Nasza Loteria SR - pasek na kartach artykułów

Koszykówka. Polskie kluby pokutują za błędy z przeszłości

Rafał Bajko
Piotr Ignatowicz (pierwszy z prawej) po raz pierwszy samodzielnie poprowadzi klub w Tauron Basket Lidze
Piotr Ignatowicz (pierwszy z prawej) po raz pierwszy samodzielnie poprowadzi klub w Tauron Basket Lidze Piotr Ignatowicz - facebook.com
Rozmowa z Piotrem Ignatowiczem, trenerem PGE Turowa Zgorzelec, m.in. o budowie zespołu na nowy sezon czy zawodowym wyjeździe do Belgradu.

Przez dwa lata pracował Pan w Zgorzelcu jako asystent pierwszego szkoleniowca. Teraz przy-szła pora na samodzielne prowadzenie zespołu.
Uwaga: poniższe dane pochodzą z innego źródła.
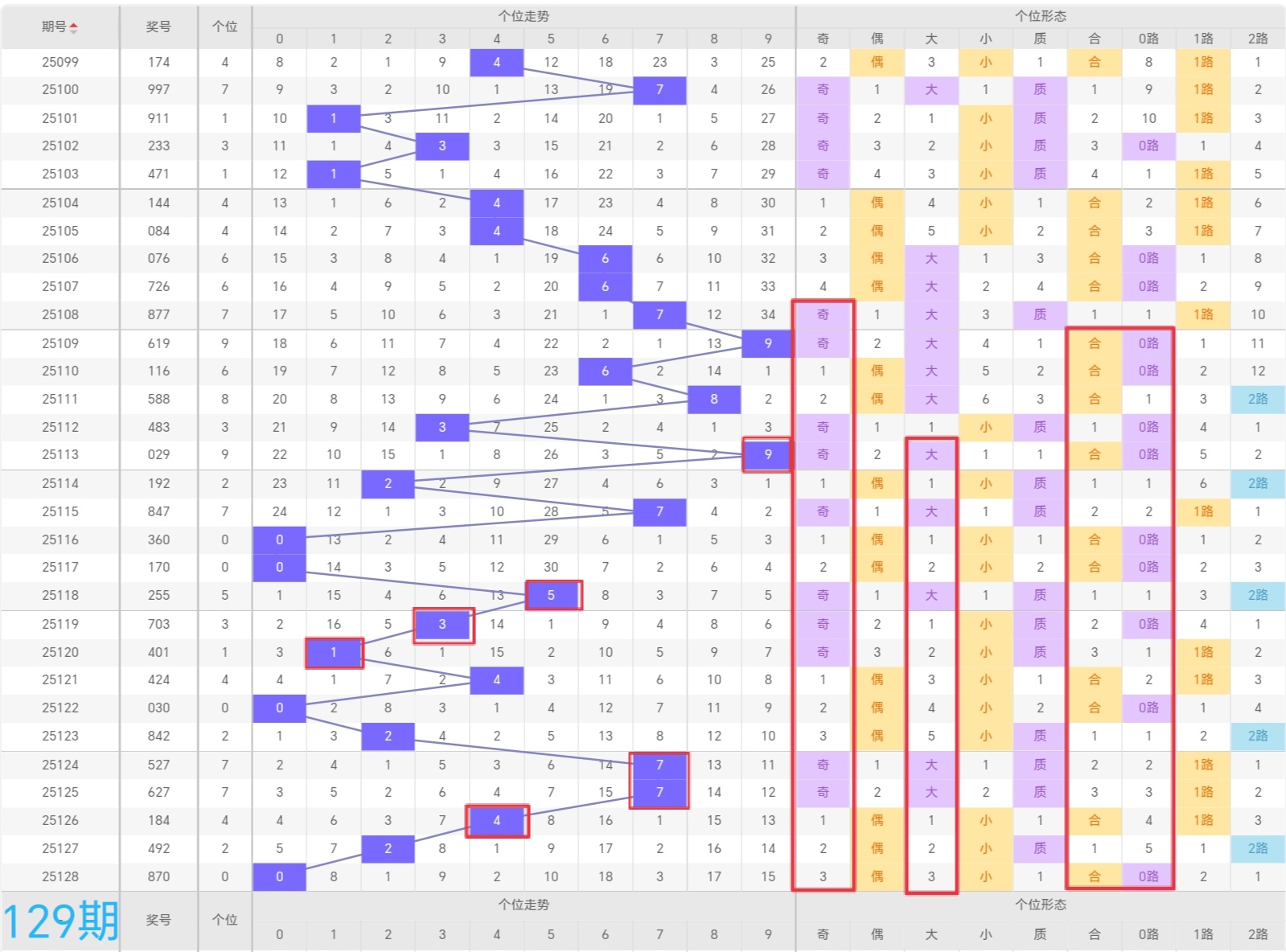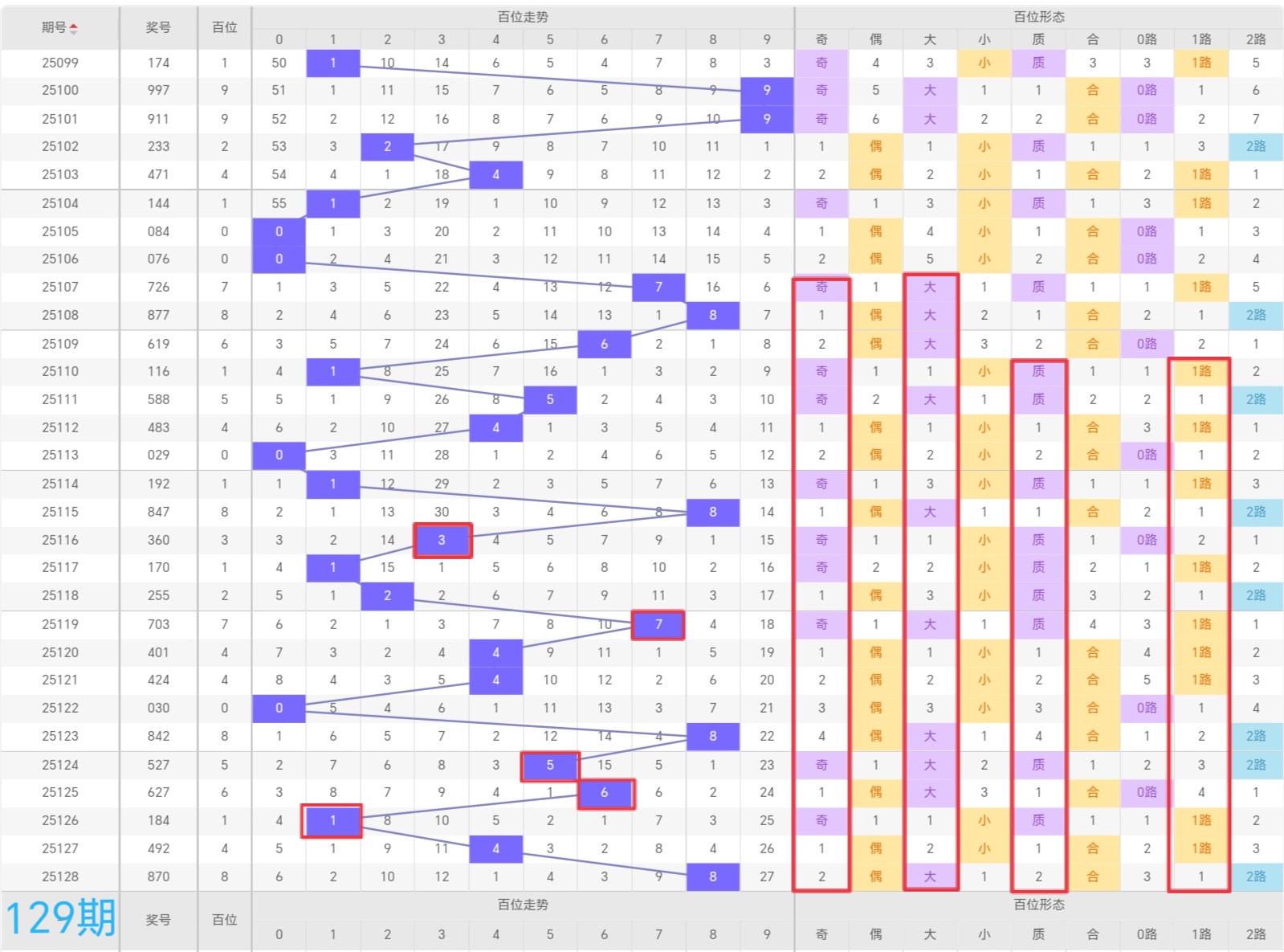 百位:上期在后半段7~9开出号码,7可能与8形成斜连走势,本期可能会在中间段3~6和后半段7~9开出号码,百位连续两期开出偶数,本期可能开出奇数,可能是大数和质数,百位上期开出2路号码,本期可能开出1路号码,防守0路号码。

Ma Pan w związku z tym jakieś obawy?

Nie boję się. Na pewno jest to dla mnie wyzwanie i czuję swego rodzaju adrenalinę. Dla mnie to spora szansa na rozwój w pracy trenerskiej, ale chcę też udowodnić działaczom klubu, że podjęli słuszną decyzję, powierzając prowadzenie drużyny właśnie mnie.

Nie jest tajemnicą, że w nowych rozgrywkach PGE Turów będzie dysponował niższym budżetem. Jaki jest w takim razie plan, aby ten fakt nie odbił się znacząco na jakości zespołu?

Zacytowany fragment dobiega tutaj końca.